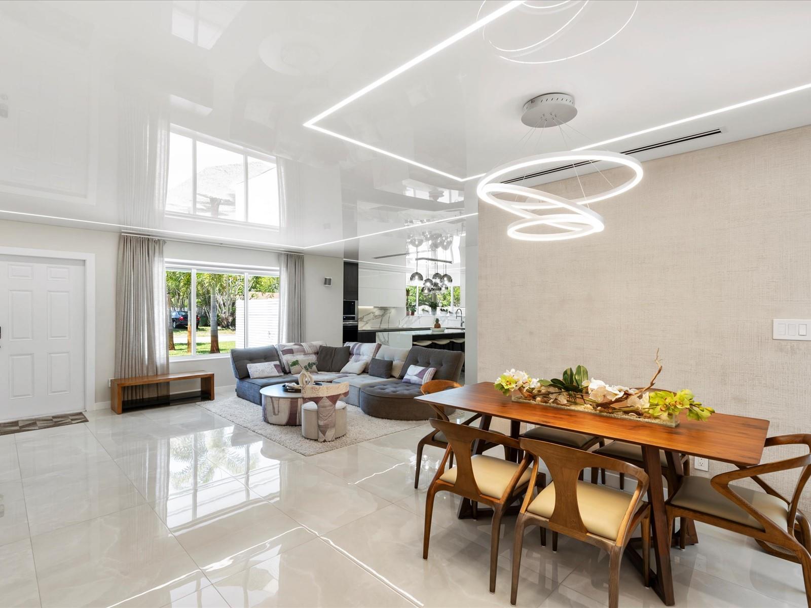 Designer-reimagined and totally renovated in 2022, this stunning 3-bed, 3-bath home offers luxury living inside and out. Features include custom closets, kitchen, built-in furniture, stretch ceilings, dimmable lighting, and new A/C. The modern layout includes a spacious kitchen with large island. All major systems have been updated: new roof, plumbing, electrical, and full hurricane-impact windows and doors. The spa-like master bathroom includes a custom steam room. Outside, enjoy a resort-style saltwater heated pool with hot tub and spa. A new aluminum fence surrounds the property, which also features a new driveway and detached garage with tankless water heater. This turnkey home combines style, comfort, and peace of mind—ideal as a luxury residence or high-end rental.
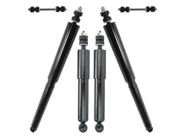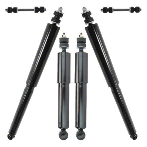 Construction and Appearance. Featuring a durable glossy black finish, each component is crafted to OE standards and built from quality materials for long-term reliability. These shock absorbers and sway bar links offer an ideal replacement for worn or aging parts while maintaining a clean, factory-style appearance.
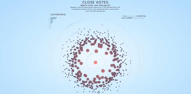 Основанная на парламентских выборах 2012 г. в Нидерландах визуализация CloseVotes показывает, в каких городах голоса избирателей распределились похожим образом. Кроме того, данная визуализация хорошо демонстрирует возможности D3 в быстром переключении между различными вариантами отображения визуализаций — географическом и радиальном.

════════════════════

Copy out all of the listing word for word, but skip the images.

 Designer-reimagined and totally renovated in 2022, this stunning 3-bed, 3-bath home offers luxury living inside and out. Features include custom closets, kitchen, built-in furniture, stretch ceilings, dimmable lighting, and new A/C. The modern layout includes a spacious kitchen with large island. All major systems have been updated: new roof, plumbing, electrical, and full hurricane-impact windows and doors. The spa-like master bathroom includes a custom steam room. Outside, enjoy a resort-style saltwater heated pool with hot tub and spa. A new aluminum fence surrounds the property, which also features a new driveway and detached garage with tankless water heater. This turnkey home combines style, comfort, and peace of mind—ideal as a luxury residence or high-end rental.
 Construction and Appearance. Featuring a durable glossy black finish, each component is crafted to OE standards and built from quality materials for long-term reliability. These shock absorbers and sway bar links offer an ideal replacement for worn or aging parts while maintaining a clean, factory-style appearance.
 Основанная на парламентских выборах 2012 г. в Нидерландах визуализация CloseVotes показывает, в каких городах голоса избирателей распределились похожим образом. Кроме того, данная визуализация хорошо демонстрирует возможности D3 в быстром переключении между различными вариантами отображения визуализаций — географическом и радиальном.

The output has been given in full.